[YOUR GOAL]
Take the lines from the one with "On +20 level" through the last line of the material below and write them out exactly, without any pictures.

[RECORDS FOR THIS EXERCISE]
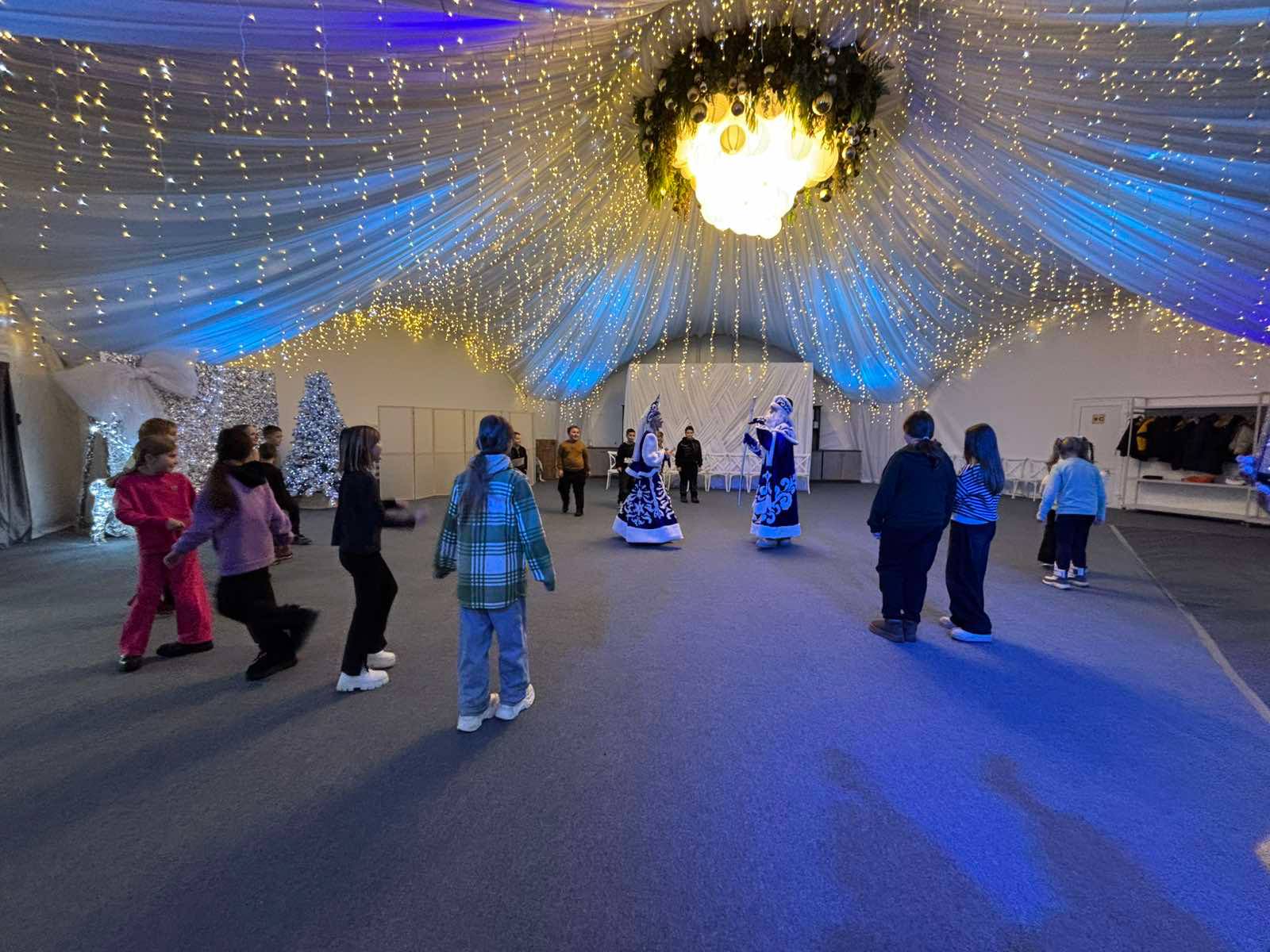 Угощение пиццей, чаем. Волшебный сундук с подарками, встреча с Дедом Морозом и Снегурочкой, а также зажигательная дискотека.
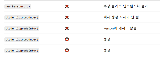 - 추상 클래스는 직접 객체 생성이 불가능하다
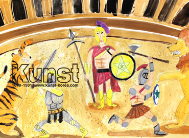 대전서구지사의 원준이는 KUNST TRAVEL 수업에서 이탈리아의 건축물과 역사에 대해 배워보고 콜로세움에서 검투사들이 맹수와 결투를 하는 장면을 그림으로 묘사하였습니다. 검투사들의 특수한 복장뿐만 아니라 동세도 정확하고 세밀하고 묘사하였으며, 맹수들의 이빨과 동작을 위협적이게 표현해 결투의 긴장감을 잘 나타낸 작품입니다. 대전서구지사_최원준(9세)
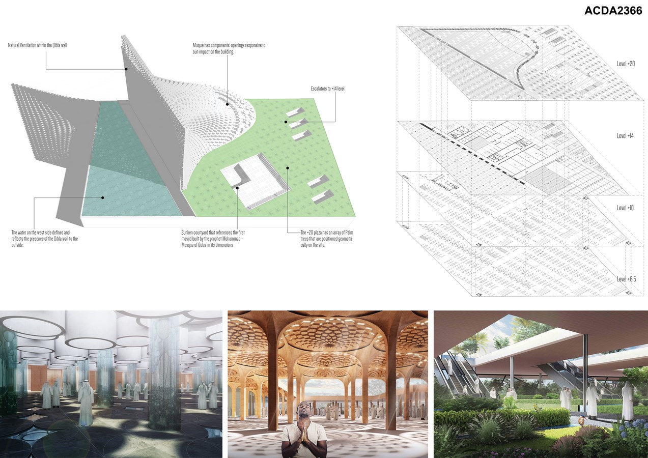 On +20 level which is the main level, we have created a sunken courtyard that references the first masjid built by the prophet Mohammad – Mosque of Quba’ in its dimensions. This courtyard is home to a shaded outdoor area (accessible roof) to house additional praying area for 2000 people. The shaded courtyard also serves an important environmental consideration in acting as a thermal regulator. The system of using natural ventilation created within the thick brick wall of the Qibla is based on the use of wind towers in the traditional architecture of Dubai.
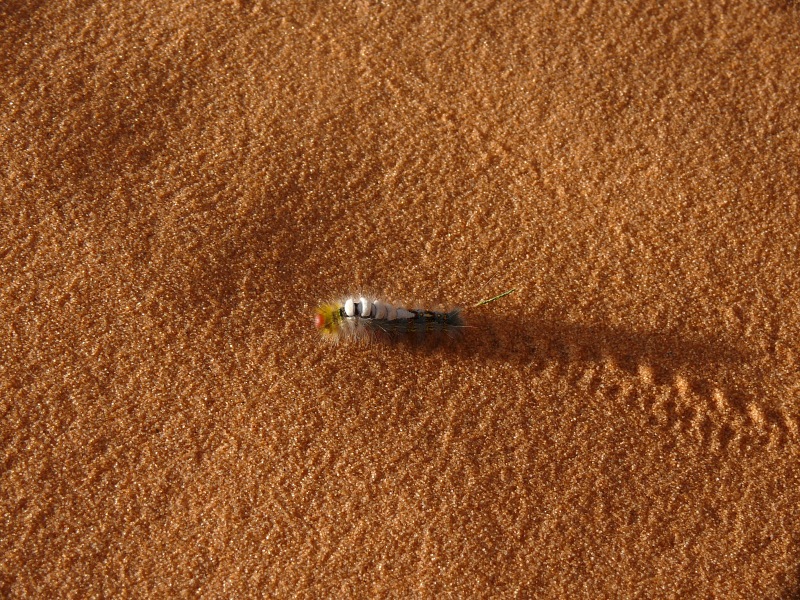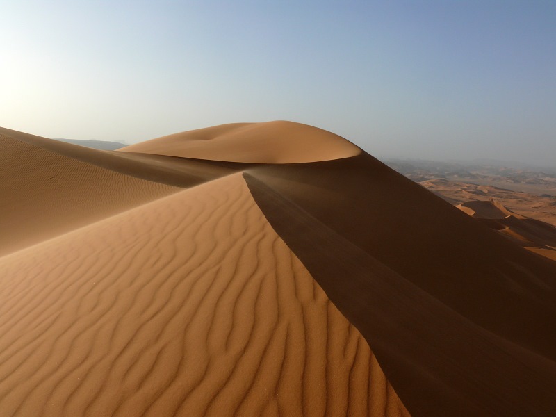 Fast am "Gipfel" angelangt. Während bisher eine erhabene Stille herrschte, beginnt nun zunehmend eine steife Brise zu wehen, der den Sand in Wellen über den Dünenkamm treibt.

[YOUR SOLUTION]
 On +20 level which is the main level, we have created a sunken courtyard that references the first masjid built by the prophet Mohammad – Mosque of Quba’ in its dimensions. This courtyard is home to a shaded outdoor area (accessible roof) to house additional praying area for 2000 people. The shaded courtyard also serves an important environmental consideration in acting as a thermal regulator. The system of using natural ventilation created within the thick brick wall of the Qibla is based on the use of wind towers in the traditional architecture of Dubai.
 Fast am "Gipfel" angelangt. Während bisher eine erhabene Stille herrschte, beginnt nun zunehmend eine steife Brise zu wehen, der den Sand in Wellen über den Dünenkamm treibt.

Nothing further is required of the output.